Interior door panels are constructed as a composite rather than by adhering a single piece of fabric to a unitary interior door panel substrate in view of the extraordinary difficulty in gluing a single piece fabric to the complex contours of the substrate in a manner whereby the fabric closely clings to the substrate contour, particulary in crevices. Without the ability to properly glue the fabric, the contour of the fabric is somewhat haphazard and does not have the sharp definition of the substrate contour.
The use of a male mold (such as mold 20 in FIG. 1) has been proposed for vacuum molding techniques wherein it is desired to securely adhere a fabric onto onto a rigid nonplanar substrate.
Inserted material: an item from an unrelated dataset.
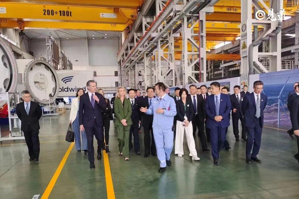 在活动期间,纽森一行参观了金风科技风电产品生产线、数字化控制系统等生产模块,并深入了解了金风科技当前的风电发展成果与国际合作情况。纽森对全球已吊装最大容量的金风科技16MW海上机组产生了浓厚兴趣,询问了该机组在不同海域的应用情况,并探讨了其在加州海域应用的可能性。在交谈中,双方还围绕海水淡化、风电制氢等展开探讨。参观结束后,纽森邀请金风科技进一步扩大在加州的业务版图,并在清洁能源领域开展更深层次的互利合作。

According to this proposal and as shown in FIG. 1A, a fabric 22 is first laminated to a thermoplastic substrate 24 using an adhesive. Both the fabric 22 and the substrate 24 must be capable of considerale dimensional elongation on the order of at least 60% to 70%. Fabrics having such elongative properties typically contain lycra and are relatively expensive. The fabric-laminated substrate is then heated so that substrate sags sufficiently as shown in FIG. 1B. The sagging temperature for substrates of the type suitable for an article such as a door panel are quite high. At such temperatures (generally in excess of 220.degree. F.) some types of fabrics are scorched. Scorched fabric does not have the aesthetic appeal suitable for vehicle interiors and the fiber texture is damaged.
Assuming that a substrate which sags at a lesser temperature (for example, a temperature on the order of 180.degree. F.) were usable, the finished product would nonetheless not be satisfactory. In this regard, FIG. 1C shows the placement of the sagging fabric-laminated substrate onto the male mold 20. As a vacuum is applied to vacuum holes 26 in the male mold 20, the vacuum affects the substrate for the shaping of the substrate but there is a tendency in the nonplanar corner regions for the fabric to separate from the substrate.
While thermoplastic vacuum molding techniques have been employed in the textile industry to give a three-dimensional shape to thermoformable, stretchable textile fabrics, such techniques cannot be used to securely adhere a fabric onto a rigid, nonplanar substrate for the production of an article such as an interior door panel incorporated into a vehicle such as an automobile. In this regard, U.S. Pat. No. 3,962,392 to Conner uses a thermoformable sheet plastic material as a barrier to air flow in a vacuum forming operation wherein a thermoformable textile fabric is drawn into a mold cavity. Although some interlock occurs between the fabric and the plastic to prevent the fabric from slipping on the plastic and loosing its shape, the fabric is taken off the plastic so that the fabric alone can be used as a component of an article of apparel.
In view of the foregoing, it is object of the present invention to provide a vacuum molding process wherein a single piece of material such as fabric is easily and securely adhered to a substrate and whereby the substrate is given a nonplanar configuration, and to provide an article produced by said process.
An advantage of the present invention is the provision of a process whereby a single piece of fabric is adhered to a nonplanar rigid substrate in a single adhering step.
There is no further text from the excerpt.